Image of nurses' hands at computer keyboard

Clare Medical has created a new artificial intelligence-based diagnostic tool to accurately predict the likelihood of patients requiring admission to a hospital within 30 days.

The data it generates can be deployed to avoid hospital admissions and reduce hospital and emergency room utilization, which are major costs to the healthcare system. 

The platform was built on internal data derived from the company’s EHR, as well as publicly sourced datasets. It uses an advanced form of artificial intelligence that gathers vital pieces of information from a variety of sources contained within a patient’s chart – including provider notes, vital signs, medications, ICD10 coding and laboratory data – to output a probability score. The algorithm has been tested and validated in a variety of settings.

The 30-day risk of hospital admission and readmission are crucial metrics in determining how healthcare organizations and providers are graded. Because of the high costs of hospital admissions, organizations that manage risk appropriately and succeed in reducing hospitalizations are likely to be well-positioned and have significant value in the current healthcare system.

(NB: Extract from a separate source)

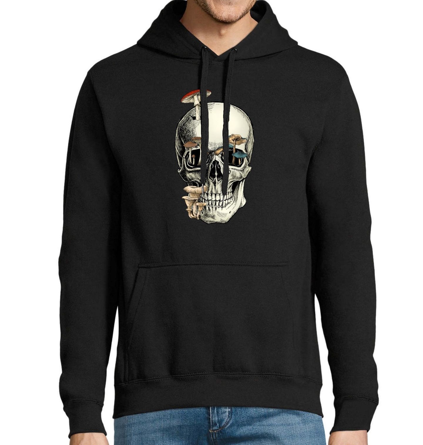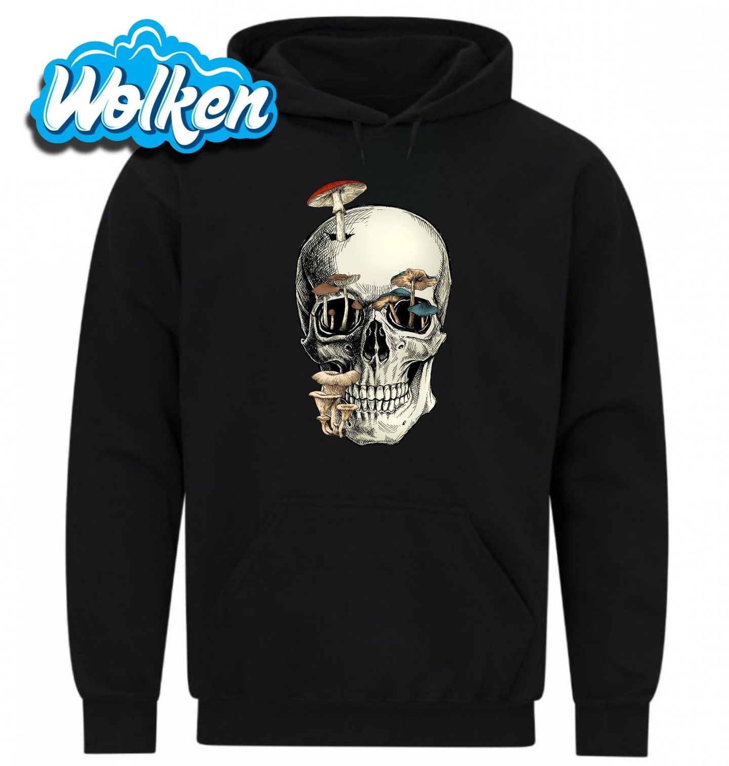 Pánská mikina Lebka Prorostlá Houbami. Mystický design lebky prorostlé houbami je dokonalou volbou pro milovníky temného umění, přírody a tajuplné atmosféry lesa. Pokud tě fascinuje spojení života a smrti, přírodní cyklus nebo prostě miluješ originální motivy, tento design je pro tebe jako stvořený.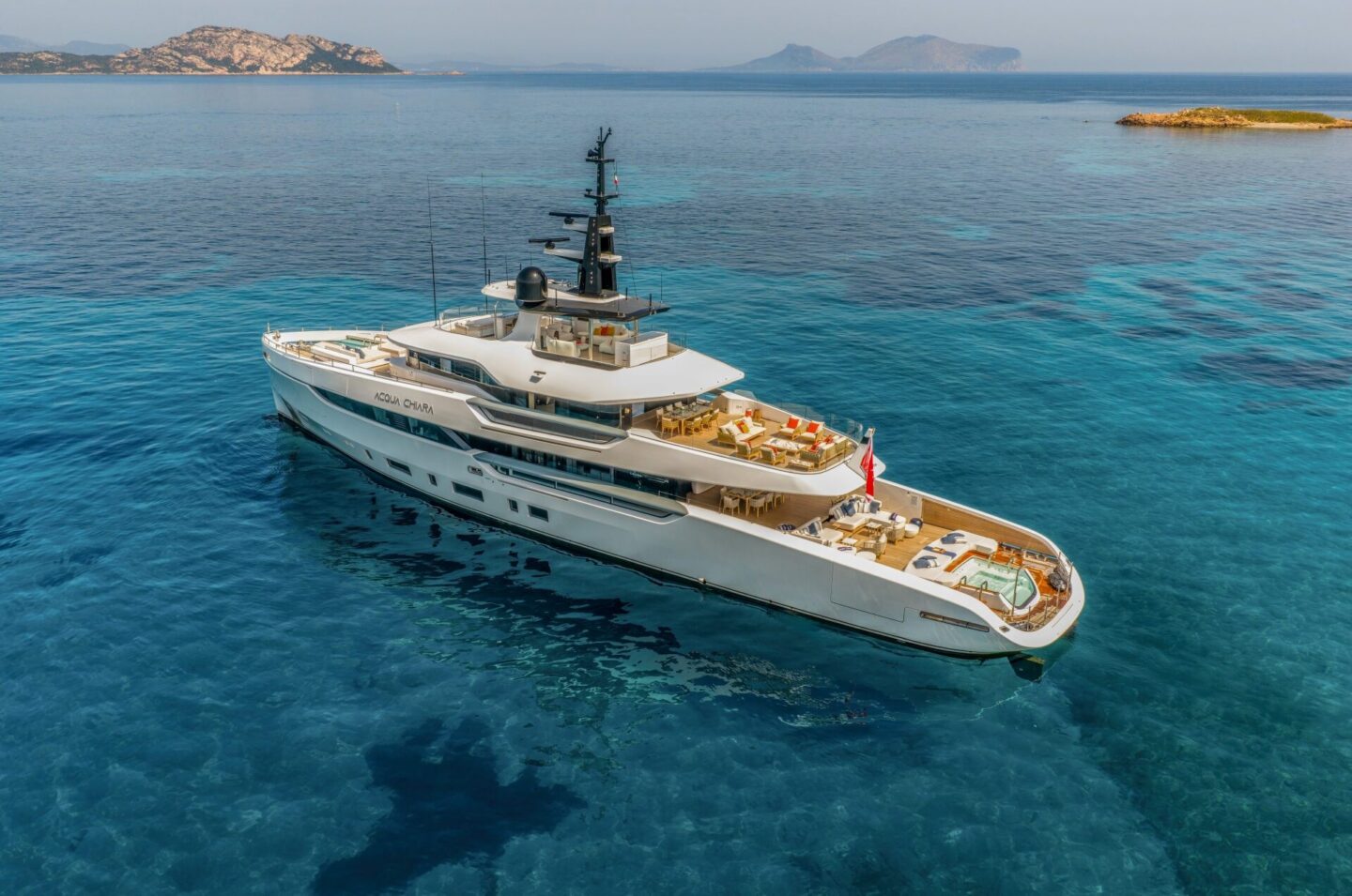 Der Pool ist ganz mit den eleganten Moon Teak-Liegen von Cristian Visentin.

“Although a variety of risk tools have been constructed as general measures of patient health, we don’t know of any that are focused on this specific critical metric, drawing from such a vast data repository, while also relying on a deep learning-based framework that manages to deliver on this level of well-validated performance measures,” said Elie Donath, M.D., one of Clare’s primary care medical directors and project lead.

This is Clare’s first suite of tools expected to provide accurate forecasts, within an error range of 3%. Others in development will tackle a range of clinically meaningful events whose onset can be halted or delayed by early intervention and providing appropriate corrective measures.